1st December 2021
On Christmas morning 1869 Cosima, wife of the composer Richard Wagner, awoke to beautiful, flowing strains of music never heard before. Richard had composed the piece in thankfulness for the recent birth of their son Siegfried. Aptly named Siegfried Idyll, it was played by a small ensemble he’d secretly gathered on the stairs. What a lovely gift, and it set me thinking. This time of year we start to grumble about the commercialisation of Christmas. It’s a bit late for that, because so much of our life is already commercialised to excess, with just about everything we do, or want, measured by its cash-value. We’re bombarded with advertising about things not really intended for our pleasure but promoted to swell the coffers of the producers and the banking systems they depend on. It’s a kind of slavery. Christmas is merely its annual peak.

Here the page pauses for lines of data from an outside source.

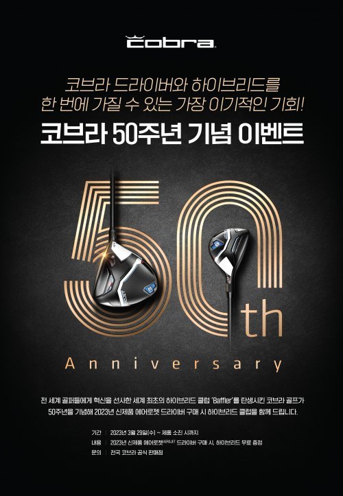 글로벌 스포츠 브랜드 푸마(PUMA)가 전개하는 골프 클럽 브랜드 ‘코브라골프(COBRA GOLF)’가 브랜드 론칭 50주년을 맞아 기념 이벤트를 진행한다고 3일 밝혔다. 2023년 신제품 에어로젯 드라이버를 구입하면 에어로젯 하이브리드를 사은품으로 제공한다. 이벤트는 제품 소진 시까지 전국 코브라골프 공식 판매점에서 진행된다.
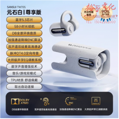 首页 > 广播、电视、电影设备 > 组合音像设备 > 会议、广播及音乐欣赏系统 > 山水(SANSUI)TW70S 骨传导概念蓝牙耳机 气传导开放式无线夹耳耳夹式不入耳运动跑步通话降噪适用于华为苹果 白 SKU:yzwhyp327278
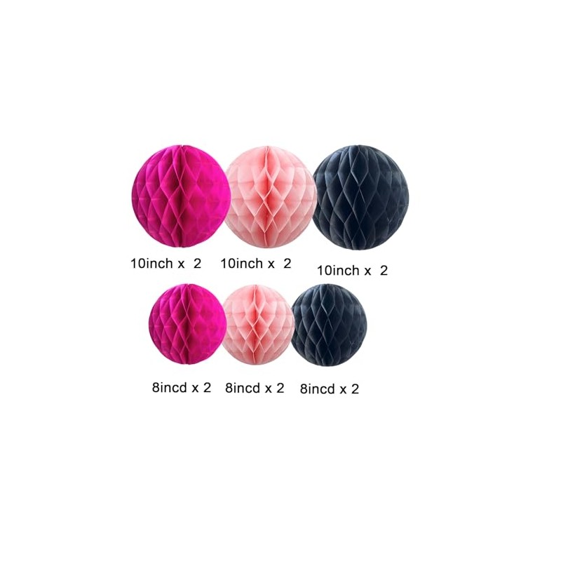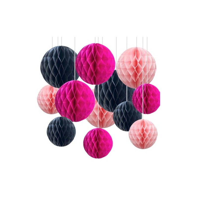 Pack of 12 Black and Pink Paper Honeycomb Balls, Hanging Tissue Paper Honeycomb Balls for Party Decoration (6 inches and 10 inches)
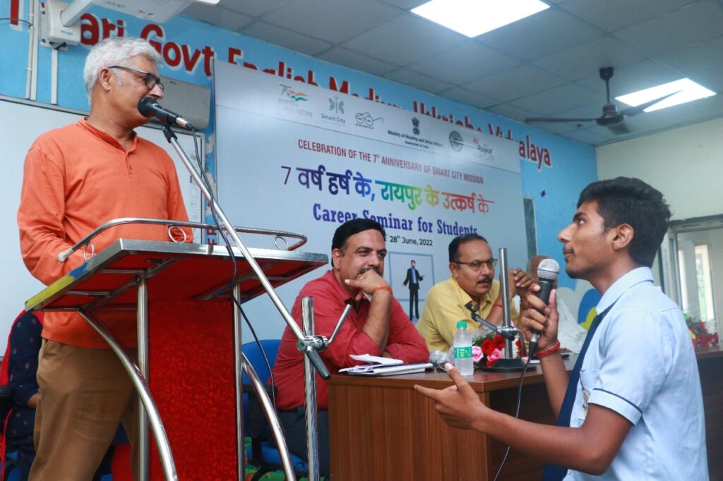 *रायपुर।* स्मार्ट सिटी मिशन की 7वीं वर्षगांठ पर रायपुर स्मार्ट सिटी लिमि. ने स्वामी आत्मानंद योजनांतर्गत संचालित आर.डी. तिवारी स्कूल के विद्यार्थियों के लिए “कैरियर मंत्र” वर्कशॉप आयोजित किया। नीति आयोग भारत सरकार के परामर्शदात्री सदस्य श्री जवाहर सुरीसेट्टी, भाषाविद् श्री विद्यापति शुक्ला ने विद्यार्थियों को उनके कैरियर के चयन निर्धारण व लक्ष्य को प्राप्त करने उपयोगी मार्गदर्शन प्रदान किया।
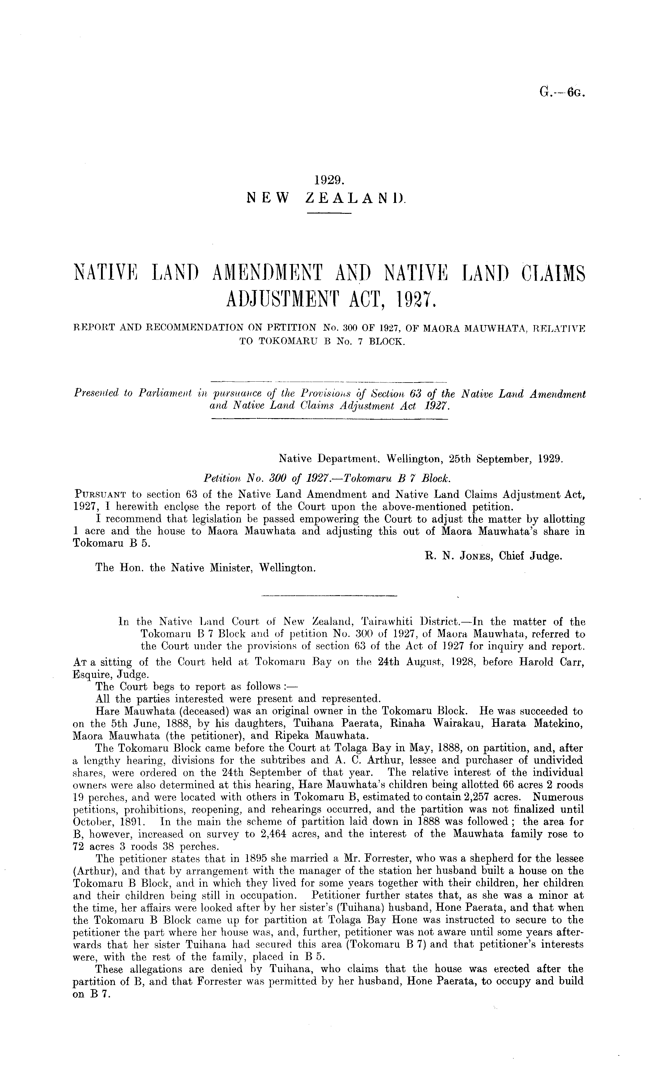 Native Department, Wellington, 25th September, 1929. Petition No. 300 of 1927. —Tokomaru B 7 Block. Pursuant to section 63 of the Native Land Amendment and Native Land Claims Adjustment Act, 1927, I herewith enclose the report of the Court upon the above-mentioned petition. I recommend that legislation be passed empowering the Court to adjust the matter by allotting 1 acre and the house to Maora Mauwhata and adjusting this out of Maora Mauwhata's share in Tokomaru B 5. R. N. Jones, Chief Judge. The Hon. the Native Minister, Wellington.
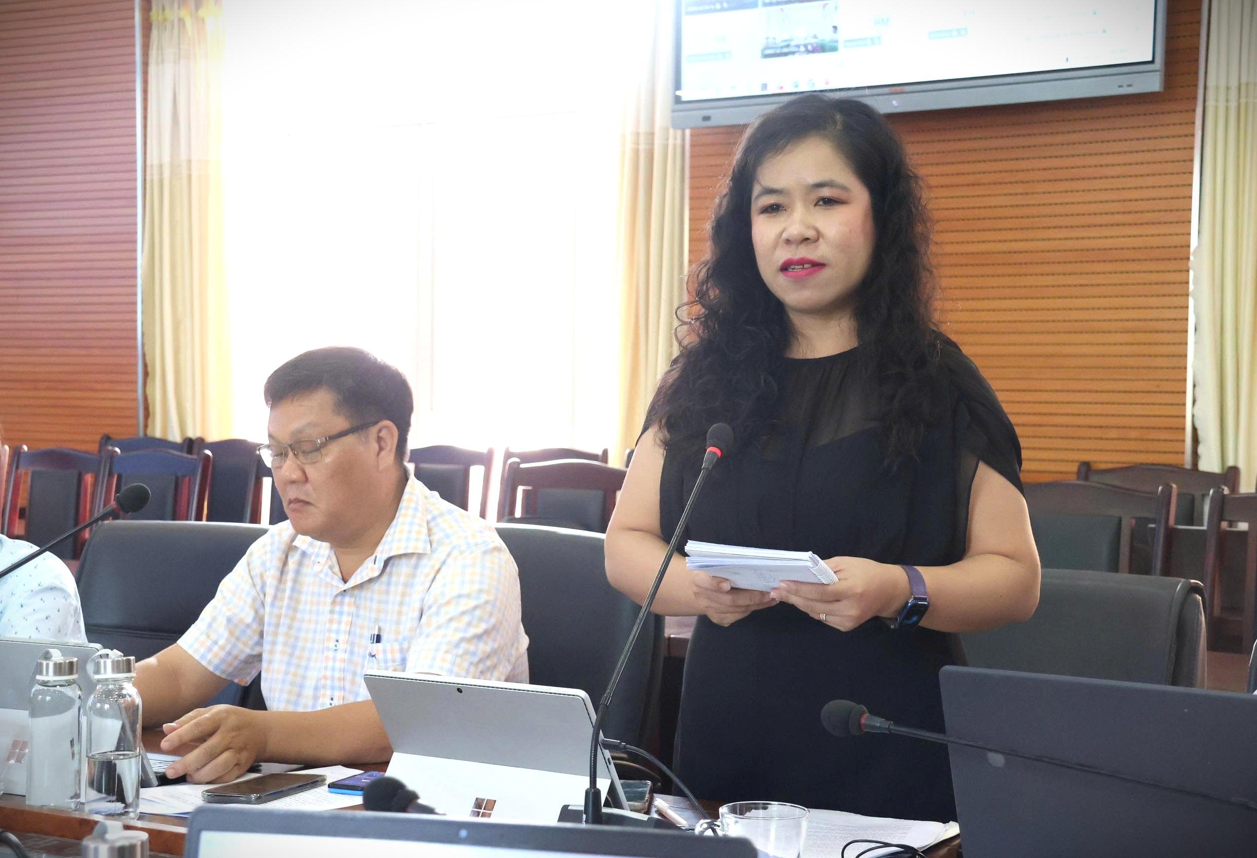 Bà Krông Ái Hương Lan - Phó Trưởng phòng, phụ trách phòng GDPT, Sở GDĐT, phát biểu tại Hội Nghị
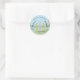 Thank You Classic Elegant Custom Golf Theme Wedding Round Sticker with watercolor golf course in the background. Names of the bride and groom along with the date of the wedding. If you need any design assistance, just send a message or an email to charmdesignstudio@rcn.com and we'll be delighted to assist.
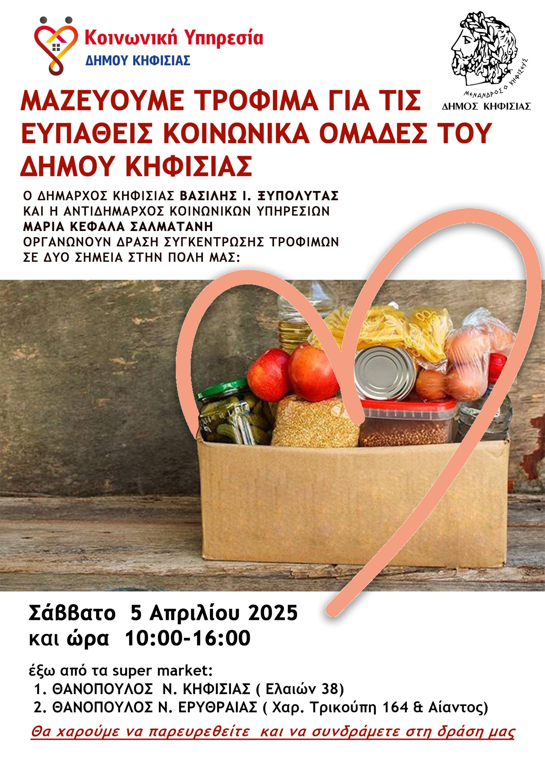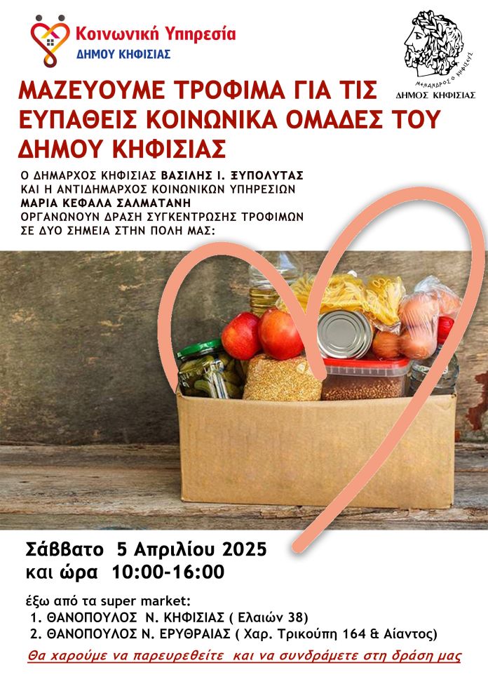 Ο Δήμαρχος Κηφισιάς, Βασίλης Ι. Ξυπολυτάς και η Αντιδήμαρχος Κοινωνικών Υπηρεσιών του Δήμου Κηφισιάς, Μαρία Κεφαλά – Σαλματάνη διοργανώνουν Δράση Συγκέντρωσης Τροφίμων, για την ενίσχυση ευάλωτων οικογενειών & πολιτών του Δήμου μας.
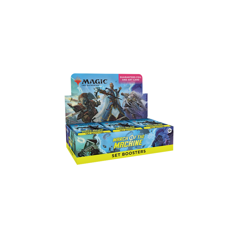 Die March of the Machine Set Booster Box enthält 30 March of the Machine Set Booster. Jeder Set-Booster enthält 12 Magic-Karten, 1 Kunstkarte und 1 Token/Werbekarte, Helferkarte oder Karte von "The List" (eine besondere Karte aus der Geschichte von Magic, die in 25% der Packs zu finden ist).
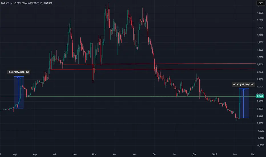 Теперь заглянем в историю: в 2024 году BNX уже показывал бычий забег с $0.29 до $1.50, после чего последовало -83% и 160 дней падения. Сейчас же покупатели возвращаются, что подтверждает 8-миллиардный объем на фьючерсах.
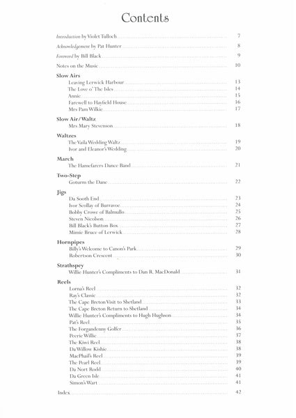 This is a new and expanded collection of the compositions of Willie Hunter, in succession to an earlier publication of 1998. It includes three more tunes by Willie and three by his father, Willie Hunter Senior, making 34 tunes in all. The trustees of Shetland Musical Heritage Trust are pleased to be able to publish in what would have been Willie’s 80th year, in tribute to a man generally regarded as Shetland’s finest fiddle player of the 20th century.
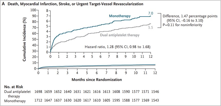 SAPT 전략은 출혈 위험을 약 60% 감소시켰으나, 허혈성 사건 억제 측면에서는 DAPT에 대한 비열등성(non-inferiority)을 입증하지 못하였다. 특히 시술 후 초기 30일 동안 SAPT군에서 허혈 사건 발생이 다소 높았으며, 다만 30일 이후부터 12개월까지는 두 군 간 차이가 거의 사라졌다.
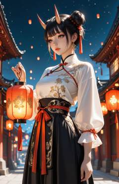masterpiece,best quality,very aesthetic,intricate detail,sharp focus,absurdres,high resolution,newest,realistic,photorealistic,1girl,solo,short hair,oni horns,black hair,hair bun,double bun,eyelashes,looking at lantern,holding lantern,shirt,skirt,long sleeves,ribbon,white shirt,black skirt,puffy short sleeves,golden Adornments,chinese embroidery,chinese clothes,jewelry,tassel,earrings,lantern,paper lantern,glowing,night sky,
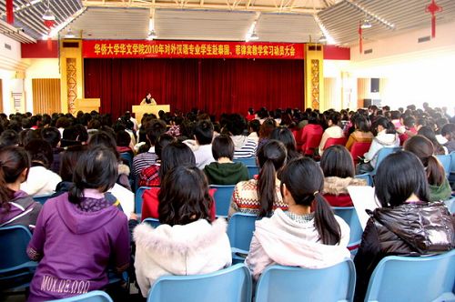 中新網(wǎng)3月12日電 據(jù)華僑大學(xué)網(wǎng)站消息,3月11日下午,華僑大學(xué)華文學(xué)院召開2010年對外漢語專業(yè)學(xué)生赴泰國、菲律賓教學(xué)實習(xí)動員大會。院長孫汝建、黨總支書記兼副院長趙明光與學(xué)院辦公室、教學(xué)辦、培訓(xùn)部、招生辦、學(xué)生辦等部門領(lǐng)導(dǎo),以及教學(xué)實習(xí)的帶隊老師和07、08、09級對外漢語專業(yè)的353名同學(xué)參加大會。
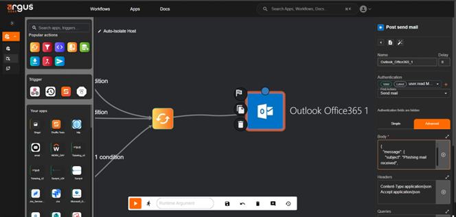 Security teams can create and adapt playbooks based on specific types of incidents. From phishing and insider threats to cloud misconfigurations, Argus enables flexible responses that align with your existing processes.

OK, I can’t readily see any way out of this slavery.But suppose, just for the odd gift or two, instead of spending money we spent something of ourselves in their making, or writing (story? poem?), or painting, or knitting (or growing)? Even, just count as a present a visit we make? We can’t compose like Wagner, but we could find it liberating just to give something that would be really valued by someone, but hasn’t come out of the cut-throat cash-nexus society we’re embedded in. What we give might not have any obvious cash-value, but that’s already the case with some of the most treasured things. A new-born child for example, including one whose parents only have a borrowed manger to lay him in.